The explosion occurred seconds after Shultz's car passed over the road but before all 11 cars in the official motorcade had gone by. The blast came between the sixth and seventh vehicles.
No Claims of Responsibility
There was no immediate claim of responsibility for the bombings, but Foreign Minister Guillermo Bedregal said both were the work of cocaine dealers. U.S. cooperation with government efforts to stem the thriving cocaine trade has fueled anti-American sentiment in Bolivia.
After the highway blast, dozens of police officers closed the road and climbed a nearby hill to search for the bombers. They found a wire they said had detonated the bomb by remote control.

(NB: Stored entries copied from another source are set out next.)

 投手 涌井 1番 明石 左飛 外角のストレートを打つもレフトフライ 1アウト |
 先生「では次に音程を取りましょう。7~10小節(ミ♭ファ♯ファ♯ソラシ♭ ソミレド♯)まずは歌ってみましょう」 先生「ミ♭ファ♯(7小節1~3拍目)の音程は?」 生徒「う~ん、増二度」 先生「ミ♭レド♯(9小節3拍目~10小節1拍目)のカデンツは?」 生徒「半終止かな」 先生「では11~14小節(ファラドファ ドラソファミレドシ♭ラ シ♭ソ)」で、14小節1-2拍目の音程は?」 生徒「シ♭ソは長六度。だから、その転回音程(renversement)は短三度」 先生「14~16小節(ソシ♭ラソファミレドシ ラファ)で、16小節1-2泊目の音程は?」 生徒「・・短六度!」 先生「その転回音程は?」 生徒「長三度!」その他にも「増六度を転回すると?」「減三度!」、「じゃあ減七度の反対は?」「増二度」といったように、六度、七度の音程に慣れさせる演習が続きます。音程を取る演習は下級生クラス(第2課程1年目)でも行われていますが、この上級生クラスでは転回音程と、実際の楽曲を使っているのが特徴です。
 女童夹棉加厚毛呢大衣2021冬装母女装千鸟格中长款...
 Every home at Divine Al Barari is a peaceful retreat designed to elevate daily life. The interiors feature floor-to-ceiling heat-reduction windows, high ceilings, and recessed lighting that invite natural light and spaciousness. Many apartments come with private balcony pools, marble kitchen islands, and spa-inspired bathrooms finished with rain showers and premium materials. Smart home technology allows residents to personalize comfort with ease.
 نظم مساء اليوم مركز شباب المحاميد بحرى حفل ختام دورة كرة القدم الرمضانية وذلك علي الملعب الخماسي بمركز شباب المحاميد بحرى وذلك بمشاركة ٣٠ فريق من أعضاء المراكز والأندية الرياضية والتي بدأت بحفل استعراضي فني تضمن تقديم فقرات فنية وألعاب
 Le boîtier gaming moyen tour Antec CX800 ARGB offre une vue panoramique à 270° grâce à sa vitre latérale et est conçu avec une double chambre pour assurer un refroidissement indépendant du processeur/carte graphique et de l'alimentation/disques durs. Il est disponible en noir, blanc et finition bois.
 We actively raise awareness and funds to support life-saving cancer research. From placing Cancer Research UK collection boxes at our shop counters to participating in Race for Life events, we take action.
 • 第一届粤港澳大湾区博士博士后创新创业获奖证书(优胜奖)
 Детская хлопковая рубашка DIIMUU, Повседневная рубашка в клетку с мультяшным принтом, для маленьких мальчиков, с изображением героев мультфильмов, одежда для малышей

Shultz, 67, was riding in one of the first few cars of the motorcade. Riding with him was Bolivia's foreign minister and U.S. Embassy Charge d'Affaires David Greenley. A police escort accompanied the motorcade.
Taken to Embassy
Shultz had been scheduled to go to the Sheraton Hotel in La Paz but instead was rushed directly to the U.S. Embassy.
He has been secretary of state since 1982 and has traveled widely abroad but has never been attacked.
In La Paz, Shultz was expected to praise the government's efforts in fighting cocaine production and smuggling. The government crackdown and U.S. cooperation have angered Bolivian drug barons as well as small farmers, many of whom depend on coca crops for their livelihood.
Shultz is on a 10-day, nine-country Latin American tour aimed at gaining support for the Reagan Administration's policies. He flew to Bolivia today from Brazil. He began his tour Aug. 1 in Guatemala City. The trip is scheduled to end Wednesday in Ecuador.